I would add that I myself am deterred from implementing general binary 
if the df_readline() is going to continue to grow with functionality 
from within.  Unless, say, the use_spec processing is converted to a 
function that can be called from multiple places, trying to maintain two 
"analogous", or "parallel", routines is too much for anyone, whether he 
or she is the original author or not.

>I believe that Petr had some specific applications in mind, so
>maybe he can step in and clarify exactly what pieces of this 
>code he wanted, and why.  I myself plot many sorts of data in
>gnuplot, but I've  never felt a need for direct binary input.
>  
>

... but I would say that binary input has to exist if one is going to 
display images.  The faster the response between hitting the return key 
and the image popping up on the screen, the better.  If it gets too slow 
for relatively small images, the user's response won't be favorable.

Offer up a simple way of doing it...

Would a syntax where there is _no_ format string and _no_ using string 
simplify matters?  That is, everything must be binary floats and there 
cannot be any discarded columns.  It would remove a lot of bits and 
pieces of code that would add up to pretty much I guess.  How about the 
sample intervals?  Are those useful?  Again, the main structure of a 
binary data file from an application would just a solid string of raw 
data, but it isn't unreasonable to require everything about (x,y) 
positions be explicit, rather than implicit.
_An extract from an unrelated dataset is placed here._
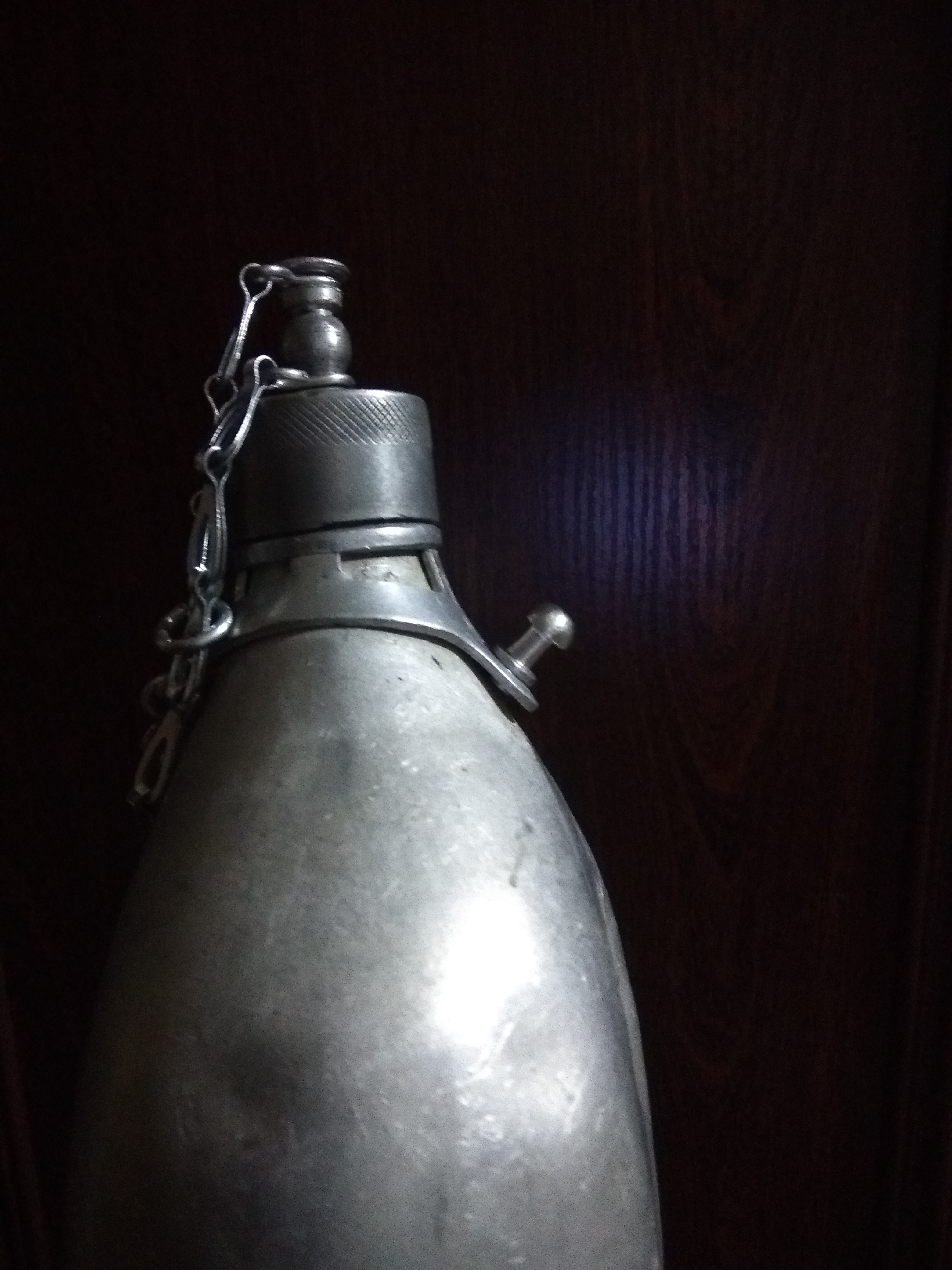 В моей коллекции к примеру имеется несколько румынских фляг и цепь практически на всех утрачена - лишь сравнительно недавно мне наконец то удалось найти фрагмент со сравнительно неплохо сохранившейся регламентной цепочкой. Теперь знаю размеры, вид цепи.....не знаю правда длину, но уже хотя бы есть "от чего плясать" в поисках.

Is there a subset of the syntax we've offered up which will work 
sufficiently and provide some flexibility so that both large image files 
and large linear files, like speech or other forms of lengthy time 
records can be transferred efficiently?

If one wants to rule out lengthy binary linear records, and still allow 
large binary image files, how about an extension to the gnuplot binary 
format?  That is, would you allow a variable to follow "binary" as 
binary presently exists in the CVS version?  This purpose of the 
variable would be to indicate how many "channels" or "entries" or 
whatever are associated with a location in the grid.  This would allow 
the use of grayscale and RGB images.  For example, "binary 3" would be

N                   x1                   x2              x3   ...    xN
y1       <r11 g11 b11>   <r21 g21 b21>    <rN1 gN1 bN1>
y2       <r12 g12 b12>   <r22 g22 b22>    <rN2 gN2 bN2>
etc.

The x and y wouldn't necessarily have to be Cartesian.  They could be 
radial, if ever one gets adventurous enough to attempt circular images 
like sonograms, CT...  which probably won't happen.  I do acknowledge 
that gnuplot binary is limiting though.  But it works for me.  Petr may 
have feelings otherwise.  (But Petr, it may be possible to take a lot of 
the binary code and write a little app that converts ESRF to gpbin or 
gpbin3, then have a little awk script so that gnuplot behaves almost 
exactly like "plot 'image.edf' with rgbimage".)

Seriously, some consensus on a simple, acceptable approach and I can 
toss it together in a matter of hours and be done.  From my perspective, 
so long as I can use Octave to get images, in this case spectrograms, 
into a PostScript or PS/Latex form, that has axes and tics and labels, 
and can be imported to a LaTeX document, I'm happy.  What I have now 
works for me, but I won't be motivated to do a simpler design without 
some consensus, as opposed to offering up some other alternative for 
evaluation.  I'm happy for the feedback and willing to change things if 
it will go somewhere.

Dan